Summer is approaching. Daytime temperatures indoors are now consistently over 80. So begins our five months of blistering hot days.
Bell Road & 19th Avenue
This photo was the safest to take in a neighborhood, giving way to squalor, without me intruding on someone’s temporary roadside home. I had walked down the block while getting a flat tire replaced, to a branch of my bank to make a deposit, to the only branch I have been to that has bulletproof glass between the tellers and customers. The teller helping me laughed at my apprehension of the people sleeping next door around an abandoned building and told me I should see the Friday night drive-through hookers if I wanted to see a sight – nice.
Lani
This is Lani Randall, a dear friend for more than ten years. This evening, we joined Lani for dinner at a favorite place of hers, The Tonto Bar & Grill in Cave Creek, Arizona. Lani is the lady who supplied Caroline and me with our beautiful Navajo-designed intertwining feather wedding bands. Her company is called Rocking Horse Ranch, and her website can be found at www.indianjewelry.com. Caroline has recently been working on her website, making some improvements and ensuring that Lani’s site stays up to date.

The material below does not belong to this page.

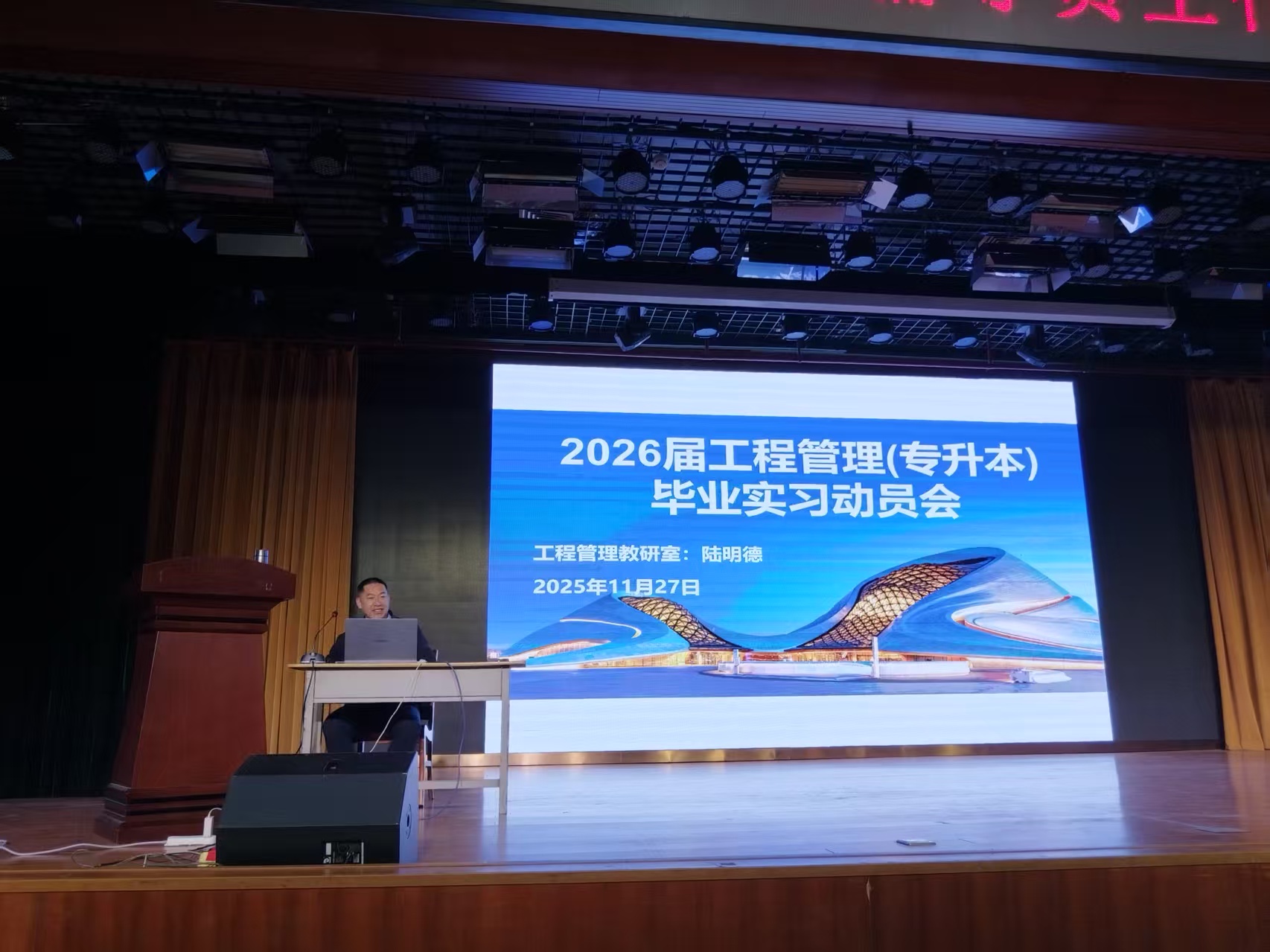 为切实落实实践教学核心目标,帮助毕业生厘清实习与毕业设计的核心任务,搭建校园理论与职场实践的衔接桥梁,11月27 日,工程管理教研室在 1 教报告厅正式召开 2026 届工程管理专业毕业实习与毕业设计动员会。教研室全体指导教师、辅导员及 2026 届工程管理专业全体毕业生齐聚现场,会议由教研室陆明德老师主持。

Thanks for everything, Lani – Caroline and I are so very happy to know you.
May Day
Today is May Day, and more than 5.9 Billion other people on the planet know that, but here in America, May Day means nothing. May 1st is the day of the working class. American workers do not consider themselves working class; if, in fact, they are, they latch onto being middle class, even when poor, unemployed, or disaffected.

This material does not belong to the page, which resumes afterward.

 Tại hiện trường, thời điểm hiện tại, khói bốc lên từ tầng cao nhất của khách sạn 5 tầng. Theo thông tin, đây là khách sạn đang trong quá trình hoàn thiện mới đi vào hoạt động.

This day is celebrated as the day the working class won the struggle for the eight-hour day. While this day was born through labor disputes, the end of slavery, and the Civil War here in America when in 1872 workers won the right to work only eight hours, it is the empowerment of labor that smacks of Communism, and so May Day in the United States is more a Socialist event than a reason for any type of celebration.
Instead, America is waiting for the now more famous Cinco De Mayo or May 5th when it’s time to hit the Mexican restaurants to get drunk like on St Patrick’s Day. The day could just as well be referred to as Margarita Day. That this upcoming Mexican day of observance for the conquest of Mexican forces over the French in a battle on May 5th, 1862, is of no consequence to us party people.
Oh, and St Patrick’s Day, or “Get Smashed While Wearing Green Day,” is a Roman Catholic feast day celebrating Saint Patrick of Ireland who lived from 387 to 461 – what are we drinking for here?